Hajj : Le Ministère des Habous détaille une baisse des coûts et renforce l’encadrement
Le pèlerinage aux Lieux Saints s’annonce cette année sous de meilleurs auspices pour les candidats marocains. Devant la Chambre des Conseillers, le ministre des Habous et des Affaires Islamiques, Ahmed Toufiq, a annoncé une diminution sensible du coût du Hajj pour la saison 1446 de l’Hégire, marquant une inflexion par rapport à l’exercice précédent.
La facture indicative du pèlerinage organisé dans le cadre officiel a été arrêtée à environ 65.000 dirhams, en attendant la fixation définitive des montants. Pour la saison en cours, le coût global s’est établi à 63.770,50 dirhams, soit une baisse de 3.095 dirhams par rapport à la saison 1445 H, durant laquelle il dépassait 66.800 dirhams. Une évolution que le ministère attribue à une meilleure anticipation budgétaire et à plusieurs ajustements techniques et financiers.

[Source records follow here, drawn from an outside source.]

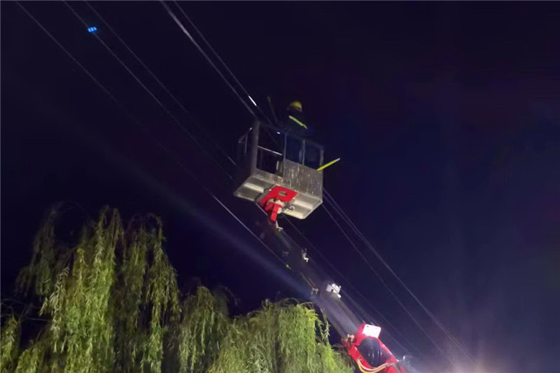 故障发生后,国网周口供电公司立即启动恶劣天气应急预案,并通过手机短信传达到每位职工。雨势稍微放缓后,各县市供电公司迅速派出应急抢修分队,出动抢修人员1389人,抢修车辆303辆。在雨中,大家分工协作,争分夺秒完成每一道工序,一部分抢修人员排查线路,消除安全隐患,防止次生灾害;一部分抢修人员快速投入到抢修工作中。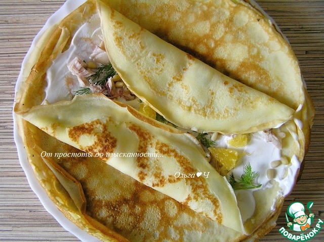 Аппетитные блинчики с курицей, апельсином и кедровыми орешками для тех, кому нельзя сладкое или кто любит блинчики посытнее. В составе начинки диетическая курочка, сочный апельсин, кедровые орешки и зелень. К тому же, когда приходит масленица, уже нельзя есть мясные продукты, так что сейчас как раз самое время попробовать эти блинчики!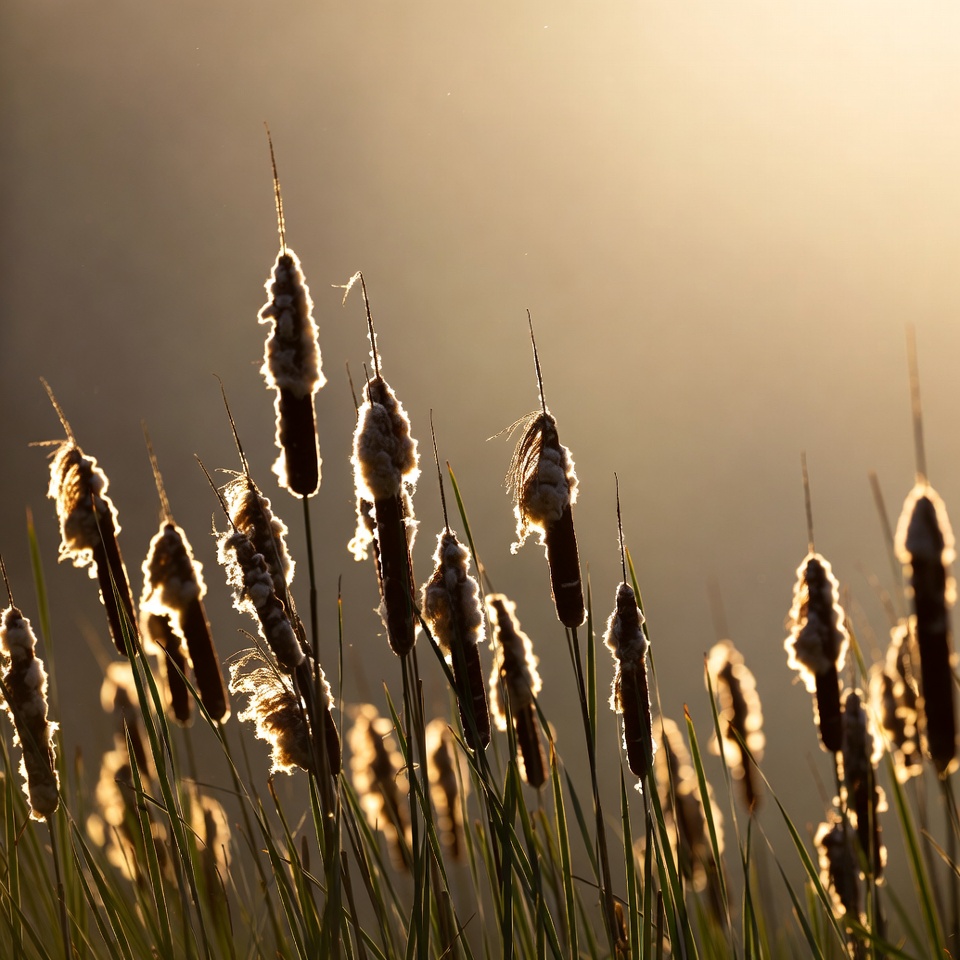Sunlight on tall grasses at dusk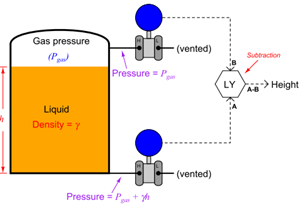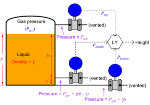 Once the computer knows the value of γ, it may calculate the height of liquid in the tank with great accuracy based on the pressure measurements taken by the bottom and top transmitters: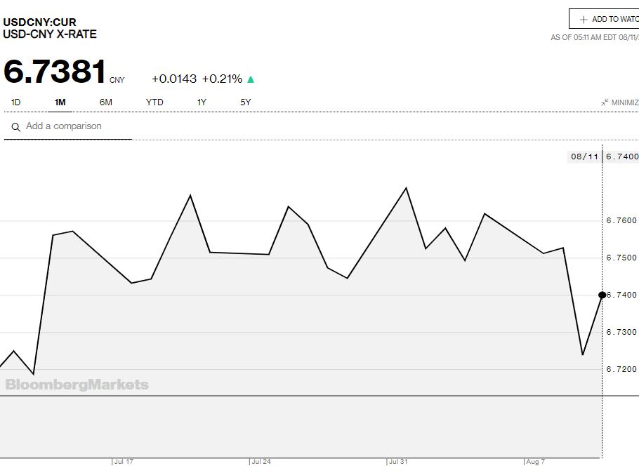 Today’s Bank of China Fix: 6.7324, previous 6.7612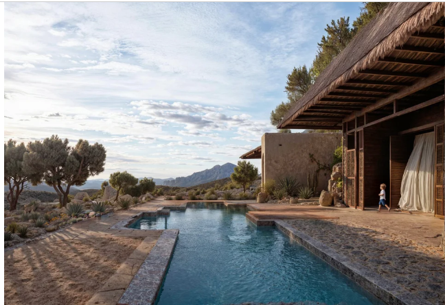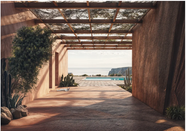Σκιερές αυλές και βεράντες, καλυμμένες με κομψές ξύλινες πέργκολες που φέρουν υφασμάτινες επιστρώσεις, παρέχουν καταφύγιο από τον ήλιο και παράλληλα προσκαλούν τους κατοίκους να απολαύσουν την ανεπιτήδευτη ομορφιά του νησιού. Αυτοί οι χώροι αντικατοπτρίζουν το φιλόξενο πνεύμα της Κρήτης, συνδυάζοντας άνεση και αυθεντικότητα», εξηγεί η ομάδα του αρχιτεκτονικού γραφείου VΑstudio.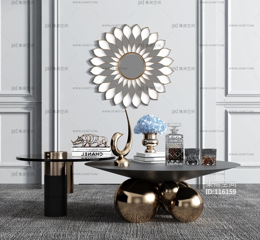 现代轻奢茶几 摆件 酒水 3d模型下载 [模型ID:116159]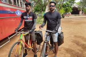 தொல்புரத்தைச் சேர்ந்த குகநாதன் நிதுசன் (வயது 24) பாஸ்கரன் சுமித்தன் (22) ஆகிய இரண்டு இளைஞர்களுமே இவ்வாறு துவிச்சக்கர வண்டி பயணத்தை ஆரம்பித்துள்ளமை குறிப்பிடத்தக்கது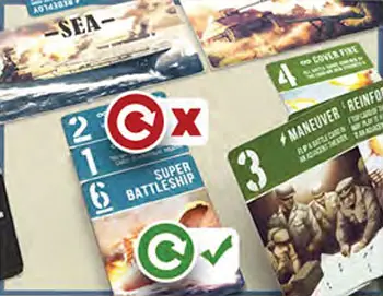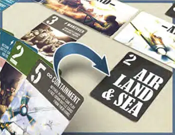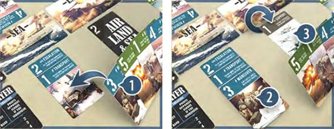Type: There are three types of Battle cards which are represented by color: Gray for Air, Green for Land, and Blue for Sea, which relate to the three Theaters. Normally, you may only play a Battle card face-up to its matching Theater: Air Battle cards in the Air Theater, and so on.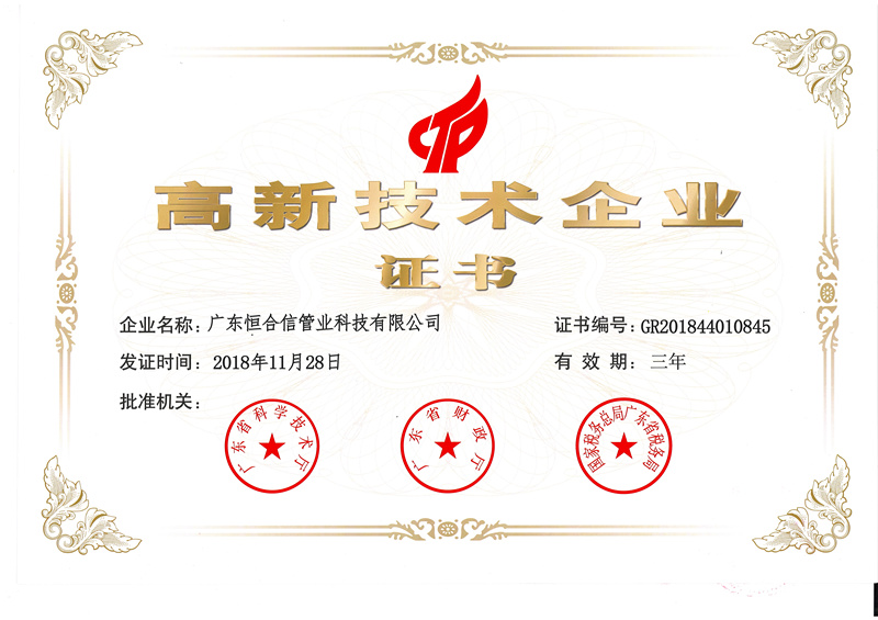 近日,恒合信管業(yè)喜迎佳音!經(jīng)有關(guān)部門組織專家評(píng)審、公示等程序后,恒合信管業(yè)順利通過(guò)高新技術(shù)認(rèn)定,獲得國(guó)家高新技術(shù)企業(yè)證書(shū)。

Le ministre a rappelé que la gouvernance du Hajj est assurée par la Commission Royale Du Hajj, appuyée par une commission multisectorielle chargée du suivi des opérations aussi bien au Maroc que dans les Lieux Saints. Ce dispositif coordonne l’ensemble du parcours des pèlerins, depuis la préparation administrative et logistique jusqu’à l’accomplissement des rites à La Mecque et à Médine.
Dans le détail, le coût du pèlerinage repose sur un ensemble de postes incontournables. Il intègre notamment les billets d’avion, l’hébergement, la restauration, les transports entre les villes et les sites rituels, la prise en charge des bagages, ainsi que les services d’encadrement. À cela s’ajoutent les assurances, les frais de visa, les prestations des opérateurs agréés et la taxe sur la valeur ajoutée appliquée par les autorités d’Arabie Saoudite.
Parmi les leviers ayant permis de contenir les dépenses, Ahmed Toufiq a souligné le rôle déterminant du taux de change. Une coordination en amont avec Bank Al-Maghrib a abouti à l’adoption d’un taux préférentiel de 1 riyal saoudien pour 2,618 dirhams, inférieur à celui appliqué la saison précédente. Un ajustement qui a contribué directement à alléger plusieurs postes réglés en devise.
Au-delà des chiffres, le ministre a insisté sur la portée spirituelle du Hajj, rappelant que cette obligation repose sur le principe de l’aptitude. Chaque année, entre 320.000 et 340.000 demandes sont déposées, alors que le quota attribué au Maroc demeure largement inférieur. Une réalité qui impose, selon lui, rigueur, transparence et équité dans la gestion des inscriptions.
Ahmed Toufiq a également souligné que l’opération est strictement encadrée et soumise à des mécanismes de contrôle, ajoutant que les marges, lorsqu’elles existent, restent limitées et clairement identifiées. Il a enfin appelé à aborder le pèlerinage avec conscience et sérénité, rappelant que l’intention sincère garde toute sa valeur pour ceux qui ne peuvent partir, tandis que ceux qui accomplissent le Hajj sont invités à en respecter le sens, les règles et la portée spirituelle.